Unter die Proxemik fallen Aspekte der Territorialität, des persönlichen Raumes
und der interpersonellen Distanz sowie Fragen der Ausrichtung und Sitzanordnung
(vgl. Hargie und Dickson 2004). Wir wollen an dieser Stelle lediglich auf die
interpersonelle Distanz eingehen. Wegbereiter für die Erforschung der interpersonellen
Distanz war der Anthropologe Edward T. Hall. In Bezug auf den persönlichen
Raum und die interpersonelle Distanz unterscheidet Hall (1966) vier Kategorien
der Face-to-Face-Interaktion (s. Abb. 4.3):
• Die intime Distanz von ca. 15 bis 45 cm drückt Vertrautheit (z. B. Schutz, Liebe)
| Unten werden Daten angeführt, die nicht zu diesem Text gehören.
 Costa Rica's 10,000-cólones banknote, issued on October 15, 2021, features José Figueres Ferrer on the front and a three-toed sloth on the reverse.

aus und ist für sehr enge FreundInnen und die Familie reserviert.
• Die gesellig-persönliche Distanz von ca. 45 cm bis 1,20 m deutet auf eine enge
Verbindung hin und ist typisch für informelle Gespräche mit befreundeten und
bekannten Personen.
• Die soziale Distanz von ca. 1,20 bis 3,70 m markiert berufliche und unpersönliche
Interaktionen.
• Die öffentliche Distanz schließlich variiert zwischen ca. 3,70 m und der Sehbzw.
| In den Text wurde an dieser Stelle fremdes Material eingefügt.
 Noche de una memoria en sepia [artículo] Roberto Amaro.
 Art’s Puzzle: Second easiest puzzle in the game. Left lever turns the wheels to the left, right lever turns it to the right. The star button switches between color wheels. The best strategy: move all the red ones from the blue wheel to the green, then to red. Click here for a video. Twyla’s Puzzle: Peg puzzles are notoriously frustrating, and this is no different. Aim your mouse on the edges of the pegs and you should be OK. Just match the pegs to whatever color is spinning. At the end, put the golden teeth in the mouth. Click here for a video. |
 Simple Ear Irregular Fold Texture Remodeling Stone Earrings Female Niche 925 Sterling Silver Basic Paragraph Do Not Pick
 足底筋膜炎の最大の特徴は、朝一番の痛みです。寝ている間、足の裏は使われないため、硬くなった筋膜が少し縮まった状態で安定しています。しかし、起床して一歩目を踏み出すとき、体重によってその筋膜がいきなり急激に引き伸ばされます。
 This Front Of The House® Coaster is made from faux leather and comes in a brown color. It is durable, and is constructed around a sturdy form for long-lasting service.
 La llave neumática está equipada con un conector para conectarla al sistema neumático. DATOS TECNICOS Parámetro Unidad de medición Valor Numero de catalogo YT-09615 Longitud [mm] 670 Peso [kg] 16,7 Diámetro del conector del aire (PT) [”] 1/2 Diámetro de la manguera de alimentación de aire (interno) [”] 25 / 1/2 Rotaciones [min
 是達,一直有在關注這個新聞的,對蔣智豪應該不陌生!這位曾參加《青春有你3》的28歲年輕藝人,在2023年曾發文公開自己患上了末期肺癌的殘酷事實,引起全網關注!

Hörweite. Sie dient dem öffentlichen Sprechen, bei dem man die Zuhörenden
nicht zwingend erkennen muss (z. B. große Versammlungen).

Hall betonte, dass er diese Kategorien aufgrund von Beobachtungen an weißen


NordamerikanerInnen aus dem Mittelstand entwickelt hatte. Mitunter werden diese
Kategorien dennoch als kulturübergreifend gültig dargestellt. Andere Kulturen
haben jedoch ein anderes Erleben interpersoneller Distanz. Menschen aus arabischen
und südeuropäischen Kulturen interagieren in geringerer Distanz (Watson
1970; Watson und Graves 1966). Demnach kann Halls Kategorisierung als Daumenregel
im westlichen Kulturkreis hilfreich sein, kann aber keinesfalls kulturübergreifend
gelten.
Nicht nur die Kultur, auch andere Faktoren haben einen Einfluss darauf, aus
welcher Distanz kommuniziert wird. In einer Untersuchung von Altman und Vinsel
(1977) stellte sich heraus, dass die meisten Menschen sitzend oder stehend in
bestimmten Distanzen interagieren: Sie führen Interaktionen, bei denen sie stehen,
eher in intimer oder gesellig-persönlicher Distanz. Interaktionen, die sitzend vonstattengehen,
werden eher in sozialer oder öffentlicher Distanz vollzogen. Demnach
steht interpersonelle Distanz nicht nur damit in Zusammenhang, mit wem wir
aus welchem Anlass kommunizieren, sondern auch damit, ob wir es sitzend oder
stehend tun.
In einer Studie von Six et al. (1983) zeigte sich zudem, dass der Bekanntheitsgrad
und das Geschlecht der Anwesenden für die subjektive Dichtewahrnehmung
und das Wohlbefinden wichtiger sind als die Anzahl der Anwesenden per se. Demnach
entscheiden auch die Bekanntheit und das Geschlecht der Beteiligten, ob sich
eine Person in der Nähe der anderen wohlfühlt oder nicht.